|Airlink 101 is not a monitor, it's a wireless N USB adapter !|
READ the installation directions for it !
There is probably a full manual on the CD that came with it that has more information.
Usually you must install the software for it BEFORE you first plug it in
If the software has it's own wireless settings program, you don't need it for XP - it's easier to use XP's built in Wireless Zero utility
If you can choose to NOT install that when you install the software, don't install it..
If it is already installed
- look in Control Panel Add / Remove Programs - if the Airlink drivers and wireless settings program are listed separately, un-install the program.
- if you can't do that - Start - Run - type: msconfig , click OK or press Enter - click on the Startup tab - if you see a line that loads the Airlink wireless settings program, click on the box at the beginning of the line to remove the checkmark , etc., etc. You will be prompted to Restart the computer - do that - when the desktop first loads a window will pop up for System Configuration or similar - click on the small blank box on it to insert a checkmark, click on the large X top right of the window to close it.
Once the Airlink settings program is not loading,
Control Panel - Network Connections - your Airlink wireless adapter should show up there,
Either there, or in My Network Places, you should see View or Search for available wireless connections oir similar .
Click on that, find the connection with the SSID (label) for your own router, click on connect.
If it says Security enabled or similar, you must supply the correct encryption key or password - the same one as in your router's configuration.
If you need to find out what that is, you can access the router's configuration on any other computer at your location that can already connect to the router and get on the internet, or you can connect a network cable betwween the wired netrwork port on your own computer and the router's wired network port.
Setting up a wireless network connection is not as straight forward as (as easy as) setting up a wired network connection.
If you're connecting to your own wireless router, the Security settings in your wireless adapter's settings must be compatible with the Security settings in the router's configuration settings.
If you want to connect to someone else's router, your wireless adapter's settings for THAT connection must be compatible with the Security settings in THAT router's configuration settings.
You must choose a wireless connection to connect to. You can only connect to one wireless connection at a time with a particular wireless adapter.
You can't connect to the internet via a wired and a wireless connection at the same time on the same computer - one or the other.
If you have both a wired and wireless connection to a router from the same computer, disconnect the wired connection while you're setting up your wireless adapter's internet connection, after you can connect to your router wirelessly.
If you look for available wireless networks in you wireless utility and you see "security enabled" or similar for a connection, then when you try to connect to that connection, if your security settings for that connection - most likely the encryption key string or password - are NOT right, you WILL NOT be able to connect to that wireless connection, until you supply the right type of and right encryption key or password.
For the connection to your own router that you can access physically
- the SSID must be the same - the label you see for your router when you look at your available wireless connections list
- the type of encryption must be the same
- the encryption key or password must be the same
- in Win 98SE, the wireless channel used may need to be the same (2000 and above can auto detect whatever channel it is the router is using in Window's Wireless Zero utility).

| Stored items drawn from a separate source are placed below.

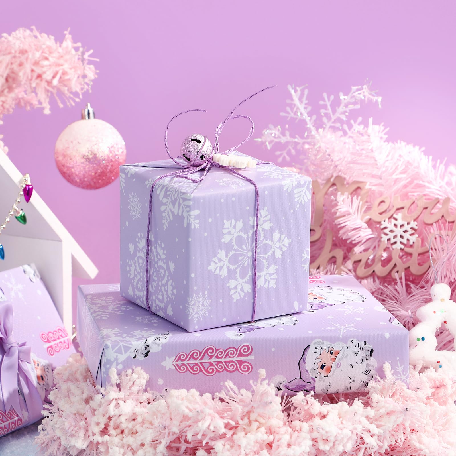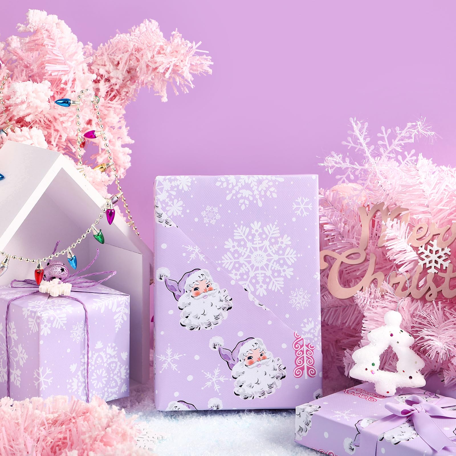Perfect Size: Each roll measures 17 inches wide x 33 feet long, which provides you with a total of 46.5 square feet of paper. It's perfect for any small or medium - sized gift and is also very convenient to store. Reversible Design: Purple santa claus with embossed printed on one side, purple and white snowflake printed on the reverse. Two different designs make unique and varied gift presentations easy. Premium Quality: Created with high-quality paper materials, thick and not easily tear or rip. Item came with shrink film to prevent wrapping paper from scratches and reduce dust. Use All Winter: Whether it's the joyous celebration of Christmas or the holiday season filled with family gatherings and gift - giving traditions, it is an outstanding choice. It is also great for decorating the Christmas tree. Wrap Your Love for Christmas: You can wrap your love with our special Christmas wrapping paper, adding a splash of color to all of your gifts. Your family, children, and friends will feel your sincere Christmas wishes this holiday season. Quality Customer Service: Any question about products or orders, please feel free to contact the customer service, we will try our best to solve the problem.
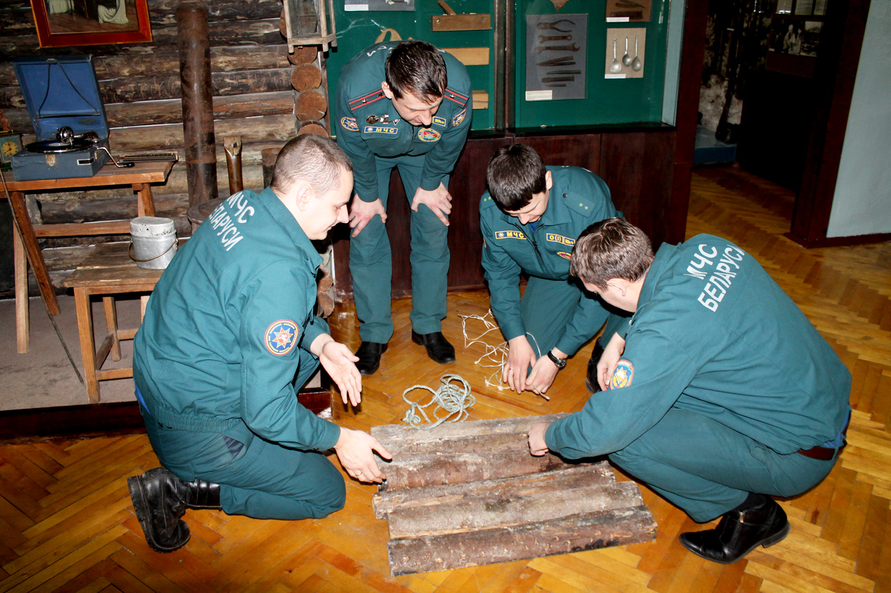Именно такой нетрадиционный формат знакомства с учреждением культуры вызвал особый интерес у посетителей музея. Поэтому в завершение Недели памяти патриотическая игра объединила иностранных студентов Витебского ВУЗа и сотрудников РОЧС, которые принимают активное участие в патриотических мероприятиях, проводимых в музее. Разделённые на две команды, они вместе повторили дорогу партизан и воссоздали основные этапы Бениславской операции. Команду Россонского района представили диспетчеры РОЧС Сергей Зубко и Александр Подвительский, начальник поста Вадим Чумаков и инспектор ИКиКО Андрей Пушкарёв.
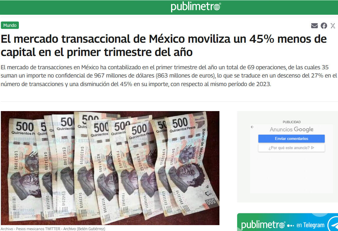 El mercado de transacciones en México ha contabilizado en el primer trimestre del año un total de 69 operaciones, de las cuales 35 suman un importe no confidencial de 967 millones de dólares (863 millones de euros), lo que se traduce en un descenso del 27% en el número de transacciones y una disminución del 45% en su importe, con respecto al mismo período de 2023.
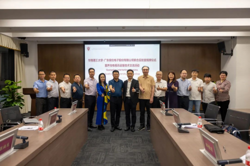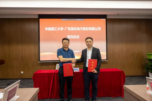 華南理工大學副校長、未來技術學院院長徐向民,華南理工大學科研院副院長江海,未來技術學院副院長舒琳,廣東省電子學會秘書長彭志聰,廣東省產學研合作促進會秘書長康麗娟,廣東保倫電子股份有限公司總裁趙定金、運營副總裁阮勝林,廣東聚智誠科技有限公司總經(jīng)理鄧韻霖等出席并見證簽約及揭牌。本次簽約儀式由舒琳主持。
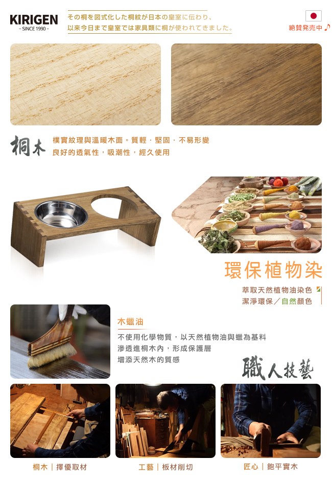 環保植物染不用化學物質,以天然植物油與蠟為基料,滲透進桐木內形成保護層,增添天然木的質感。碗架分離設計,鋼碗方便拿取,輕鬆省力倒入飼料與清洗。斜口 15 度角,讓貓狗在進食時,不用一直低著頭,更容易吞嚥食物,並減緩頸椎與胃部壓力。三碗組分別盛入乾糧、濕糧、飲水,不同飼料的口感,豐富的營養,讓寵物的健康一次到位。可自行黏貼防刮絨墊,避免刮花地板。
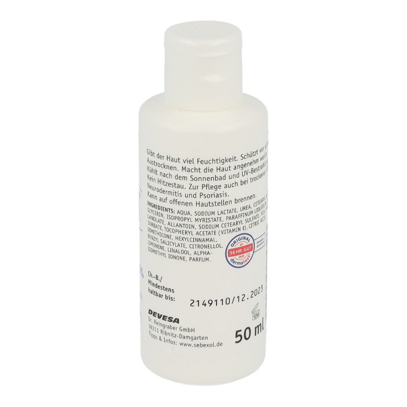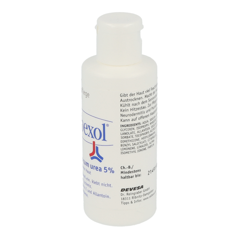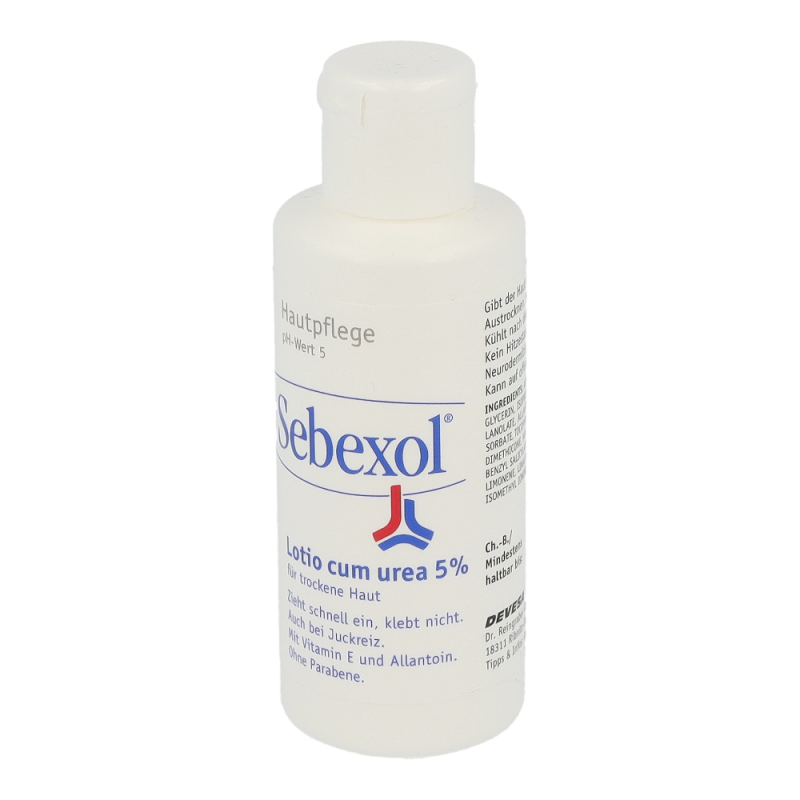 Sebexol® Lotio cum urea 5% wurde zur Pflege des ganzen Körpers bei trockener Haut und Juckreiz entwickelt. Vor allem zur Intensivpflege wundfreier Haut bei Neurodermitis, Schuppenflechte (Psoriasis), trockener Altershaut, schuppenden Ekzemen, übermäßiger Verhornung und Fischschuppenkrankheit (Ichthyosis) ist diese Emulsion bestens geeignet.
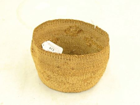 Ca. 1900s, Old pliable weave bowl with faint diamond designs. Very good condition. Ex. Judge Bonner Collection. 3-1/2" x 5-1/2"
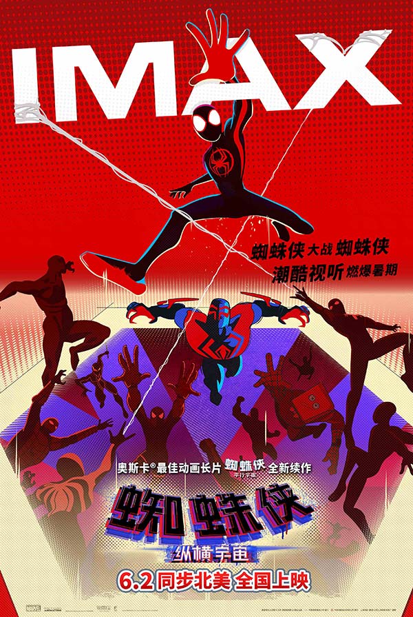 登顶《帝国》杂志“影史最佳动画第一名”、奥斯卡最佳动画长片《蜘蛛侠:平行宇宙》全新续作《蜘蛛侠:纵横宇宙》将以CINITY、CGS中国巨幕、IMAX、杜比、4DX多种制式登陆全国院线,五款制式海报震撼曝光。蜘蛛侠动画电影系列的独创画风,多元宇宙的视觉奇观,百蛛大战的画面冲击,将给观众带来极致的大银幕视听体验。影片将于6月2日登陆全国大银幕,与北美同步上映,敬请期待。
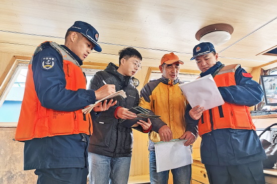 不远处的另一艘渔船上,执法员正蹲在船舱底部检查消防器材,还不忘叮嘱船老大,遇到突发恶劣天气应该如何避险自救。

If you don't know what the Security settings are for a router that has "security enabled" or similar
- in someone else's router, you can't access it unless that person chooses to tell you their settings - at the very least the encryption type and key or password, maybe more.
- in your own router, you need to access it's configuration settings. If you can't connect to it wirelessly, then you MUST connect to the router on a computer that is connected to it via a network cable or wirelessly - your computer via a network cable, or another computer in your local network.
The manual for the router tells you
- the URL you use in your internet browser to access the router's configuration log in screen
- the default user name and password you use to access the configuration settings
If you're not sure what to do there, we need the make and model of your wireless router.